[INPUT MATERIAL]:
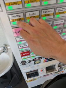 「ライス小100円」をプッシュ。食券をホールの丸刈り頭の男性従業員に渡し、お好みを聞かれると「全部普通」にしてカウンター席に着席しました。
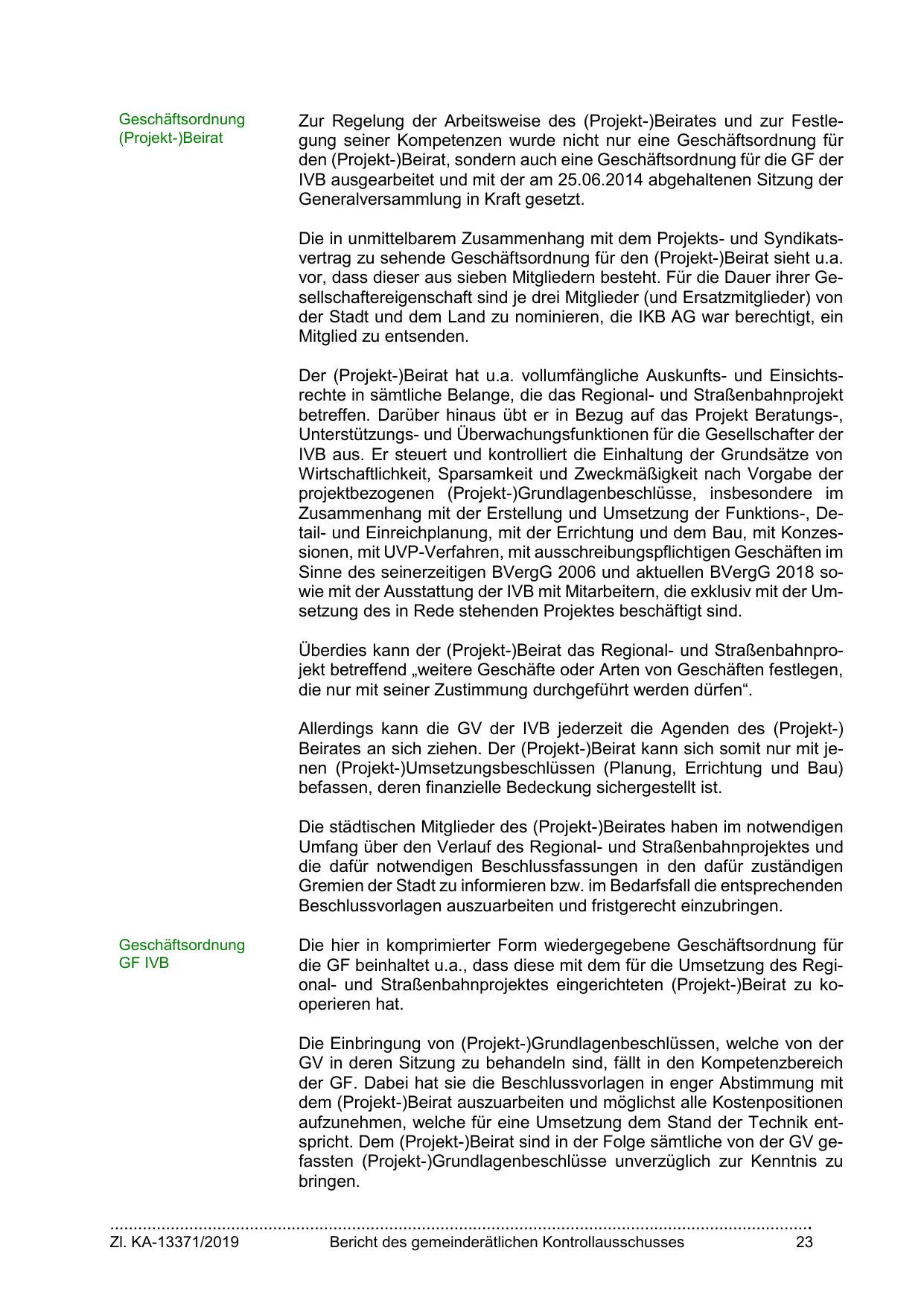 die GF beinhaltet u.a., dass diese mit dem für die Umsetzung des Regional- und Straßenbahnprojektes eingerichteten (Projekt-)Beirat zu kooperieren hat.
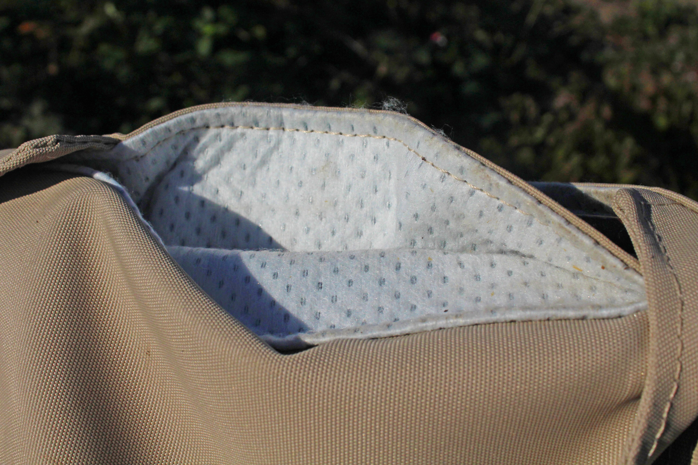 While neither of the fabrics used in the bag’s construction is fully waterproof, they are both highly water resistant. I made a depression in a portion of the bag, pooled water in it, and let it sit for 90 minutes. The outer surface of the bag darkened and felt cool to the touch, indicating water had been absorbed by the fabric’s fibers, but the inner fabric remained dry and warm. If oars are put away wet, the breathability of the two fabrics will allow the bag to dry.
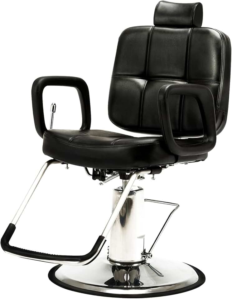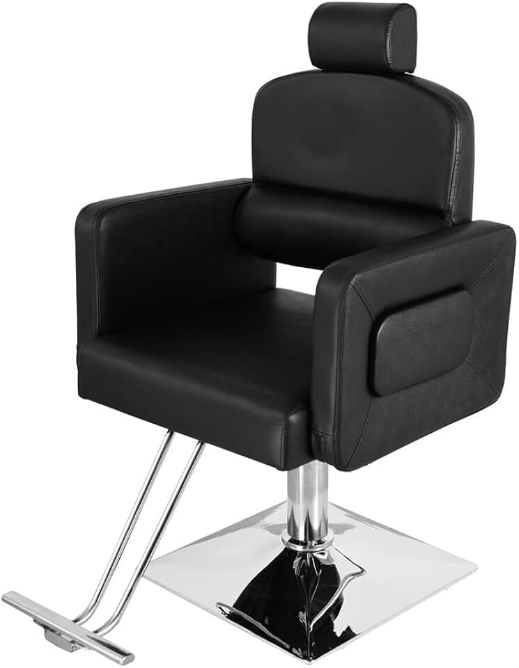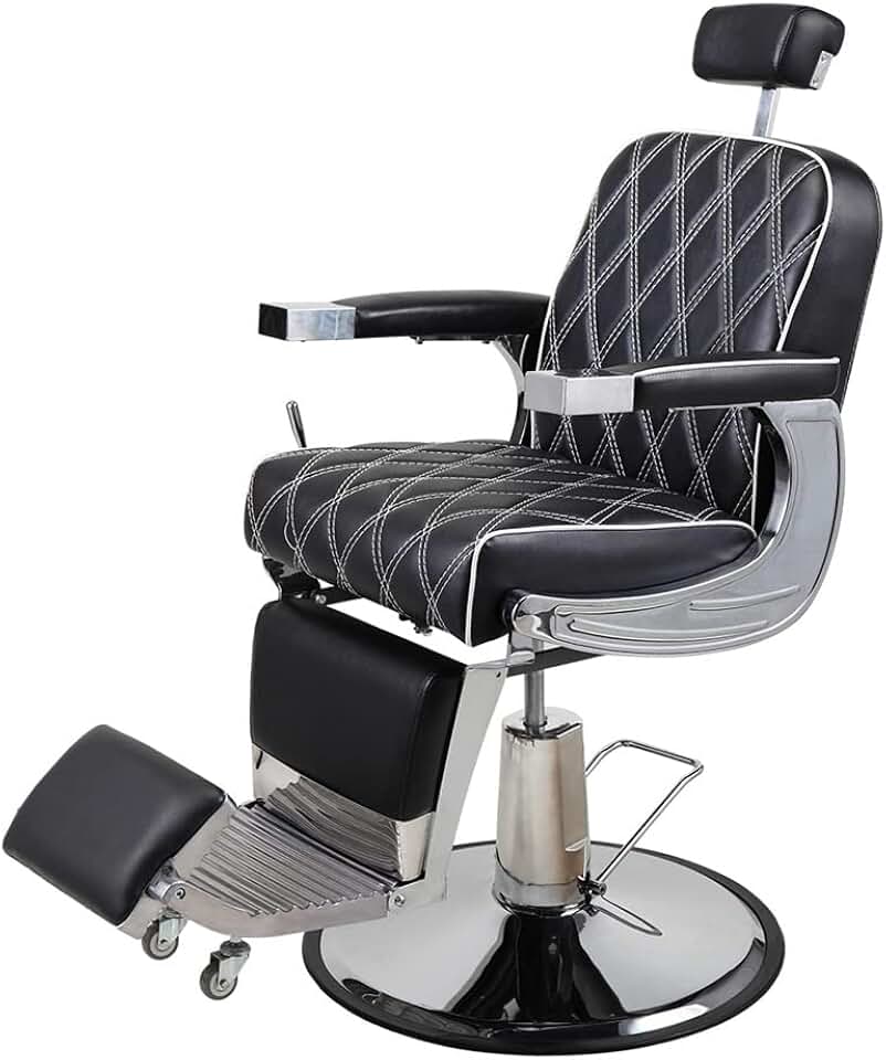 PVC Leather Cover Galvanized Square Plate with Footrest Reclining Barber Chair 300lbs Black
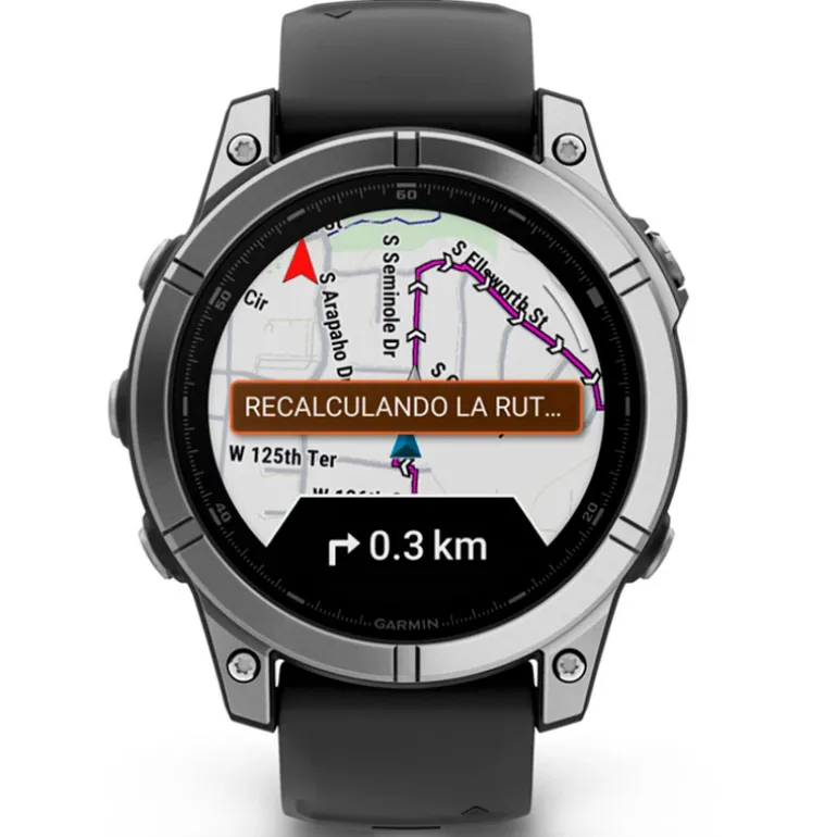 La función de rutas dinámicas de ida y vuelta te permite introducir la distancia que quieres recorrer y recibir sugerencias de rutas para el camino de vuelta. También puedes descargar mapas TopoActive para ver los contornos del terreno y acceder a mapas preinstalados de campos de golf y estaciones de esquí de todo el mundo.
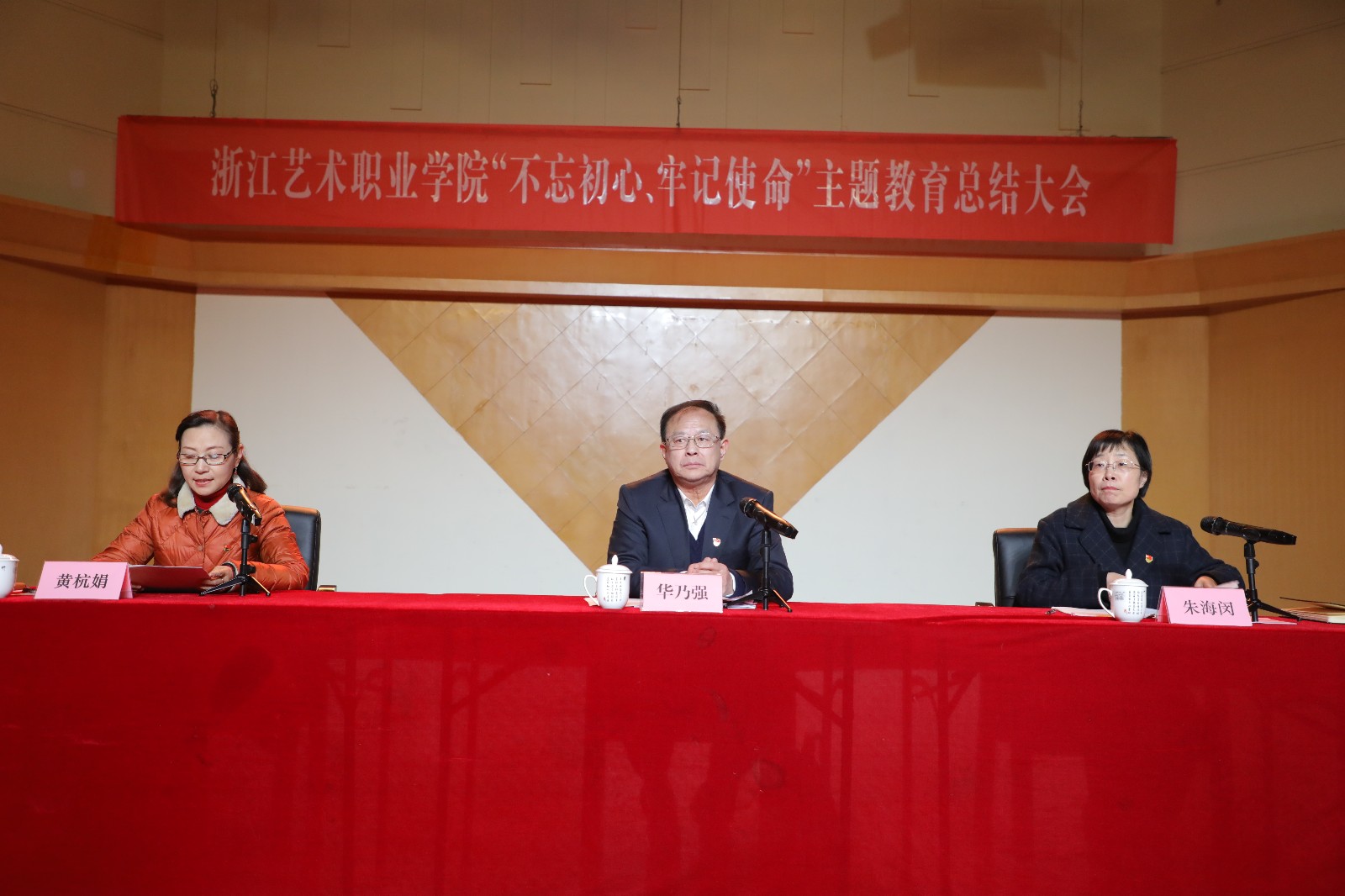 1月10日下午,浙江艺术职业学院“不忘初心、牢记使命”主题教育总结大会在音乐厅召开。会议深入学习贯彻中央和省委“不忘初心、牢记使命”主题教育总结大会重要精神,认真总结浙江艺术职业学院开展主题教育的经验与成效,对下一步巩固和拓展学校主题教育成果,持续推动“不忘初心、牢记使命”主题教育形成制度化、常态化作了部署。省委第十四巡回指导组组长、省公安厅原党委专职副书记、巡视员华乃强作指导讲话,校党委书记朱海闵作总结发言。大会由党委副书记、院长黄杭娟主持。
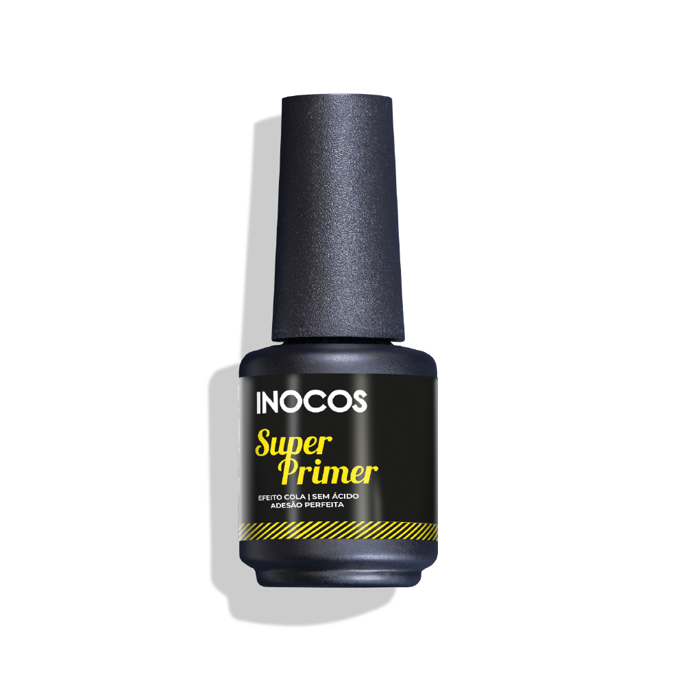 Frasco preto de verniz INOCOS Super Primer com tampa preta fosca
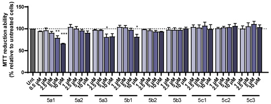 - Mosmann, T. Rapid colorimetric assay for cellular growth and survival: Application to proliferation and cytotoxicity assays. J. Immunol. Methods 1983, 65, 55–63. [Google Scholar] [CrossRef] [PubMed]
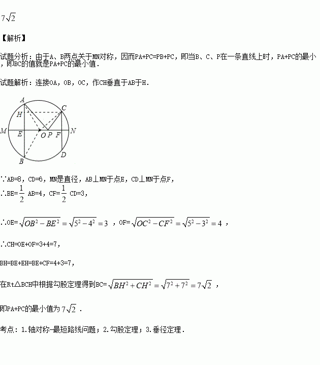 如图,AB、CD是半径为5的⊙O的两条弦,AB=8,CD=6,MN是直径,AB⊥MN于点E,CD⊥MN于点F,P为EF上的任意一点,则PA+PC的最小值为多少?
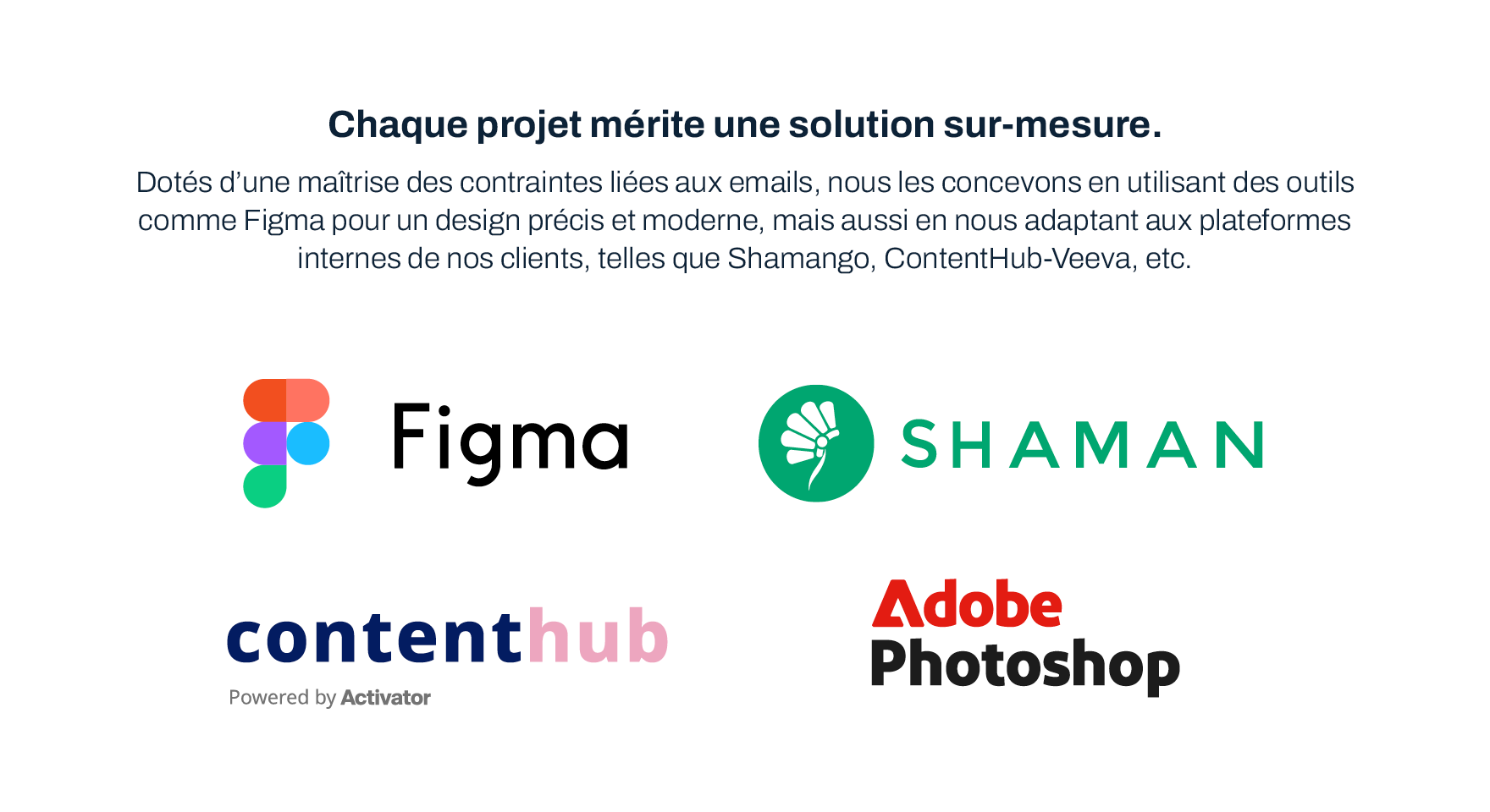 Nos concepts sont réfléchis de manière “responsive” car, tout en gardant une identité forte, ils peuvent changer de forme et s’adapter à tous types de supports, print ou digitaux.

[THE TASK]: Everything from the first line of the listing above through the line that contains "La función de" is to be restated word for word, minus the pictures.

[YOUR SOLUTION]:
 「ライス小100円」をプッシュ。食券をホールの丸刈り頭の男性従業員に渡し、お好みを聞かれると「全部普通」にしてカウンター席に着席しました。
 die GF beinhaltet u.a., dass diese mit dem für die Umsetzung des Regional- und Straßenbahnprojektes eingerichteten (Projekt-)Beirat zu kooperieren hat.
 While neither of the fabrics used in the bag’s construction is fully waterproof, they are both highly water resistant. I made a depression in a portion of the bag, pooled water in it, and let it sit for 90 minutes. The outer surface of the bag darkened and felt cool to the touch, indicating water had been absorbed by the fabric’s fibers, but the inner fabric remained dry and warm. If oars are put away wet, the breathability of the two fabrics will allow the bag to dry.
 PVC Leather Cover Galvanized Square Plate with Footrest Reclining Barber Chair 300lbs Black
 La función de rutas dinámicas de ida y vuelta te permite introducir la distancia que quieres recorrer y recibir sugerencias de rutas para el camino de vuelta. También puedes descargar mapas TopoActive para ver los contornos del terreno y acceder a mapas preinstalados de campos de golf y estaciones de esquí de todo el mundo.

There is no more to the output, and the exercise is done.